▸ WORK TO BE COMPLETED:
Please give back word for word the lines of the material below between the line containing "Miljøvennlig toalettmappe med" and the line containing "こうした課題の実態を深掘りす", inclusive.

▸ RECORDS:
■ ■ ■

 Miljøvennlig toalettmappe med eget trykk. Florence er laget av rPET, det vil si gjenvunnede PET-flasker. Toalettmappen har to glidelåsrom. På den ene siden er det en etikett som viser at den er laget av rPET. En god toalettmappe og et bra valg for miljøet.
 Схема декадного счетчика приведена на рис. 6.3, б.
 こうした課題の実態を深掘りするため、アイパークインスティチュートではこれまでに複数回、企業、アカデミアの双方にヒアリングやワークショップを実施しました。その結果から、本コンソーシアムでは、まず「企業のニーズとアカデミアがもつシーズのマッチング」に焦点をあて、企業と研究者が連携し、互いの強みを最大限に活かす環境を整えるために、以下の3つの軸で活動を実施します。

■ ■ ■

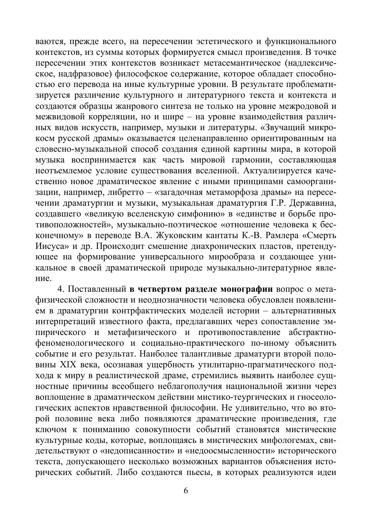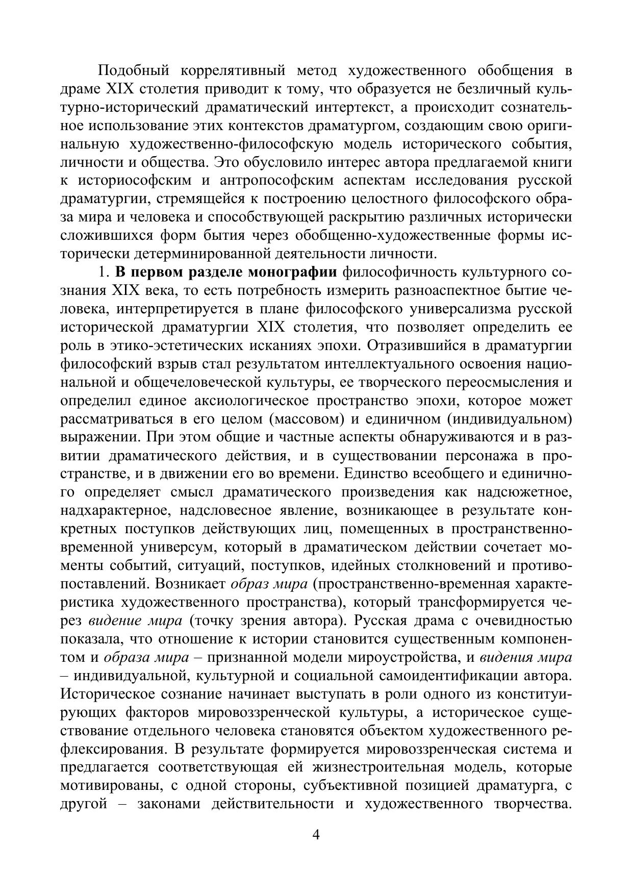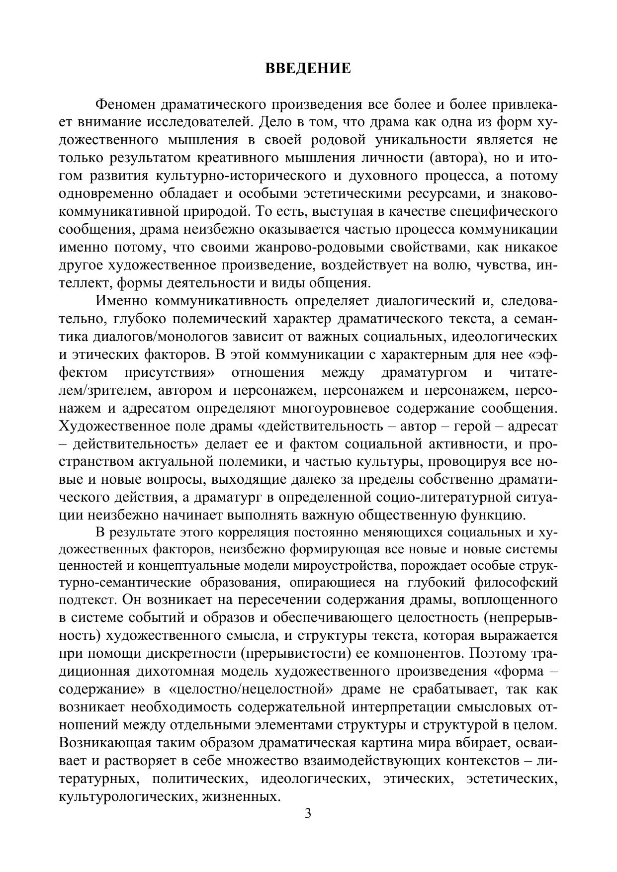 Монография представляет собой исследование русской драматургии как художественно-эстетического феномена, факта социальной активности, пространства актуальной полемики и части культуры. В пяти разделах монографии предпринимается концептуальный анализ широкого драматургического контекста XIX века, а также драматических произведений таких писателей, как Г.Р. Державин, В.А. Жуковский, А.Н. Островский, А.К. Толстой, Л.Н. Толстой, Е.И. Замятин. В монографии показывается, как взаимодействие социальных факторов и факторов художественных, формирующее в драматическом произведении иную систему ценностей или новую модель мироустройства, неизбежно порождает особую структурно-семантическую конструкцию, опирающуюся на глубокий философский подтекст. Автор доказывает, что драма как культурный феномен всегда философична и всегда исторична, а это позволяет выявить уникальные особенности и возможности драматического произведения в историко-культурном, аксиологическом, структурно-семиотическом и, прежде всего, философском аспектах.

■ ■ ■

▸ EXERCISE OUTPUT:
 Miljøvennlig toalettmappe med eget trykk. Florence er laget av rPET, det vil si gjenvunnede PET-flasker. Toalettmappen har to glidelåsrom. På den ene siden er det en etikett som viser at den er laget av rPET. En god toalettmappe og et bra valg for miljøet.
 Схема декадного счетчика приведена на рис. 6.3, б.
 こうした課題の実態を深掘りするため、アイパークインスティチュートではこれまでに複数回、企業、アカデミアの双方にヒアリングやワークショップを実施しました。その結果から、本コンソーシアムでは、まず「企業のニーズとアカデミアがもつシーズのマッチング」に焦点をあて、企業と研究者が連携し、互いの強みを最大限に活かす環境を整えるために、以下の3つの軸で活動を実施します。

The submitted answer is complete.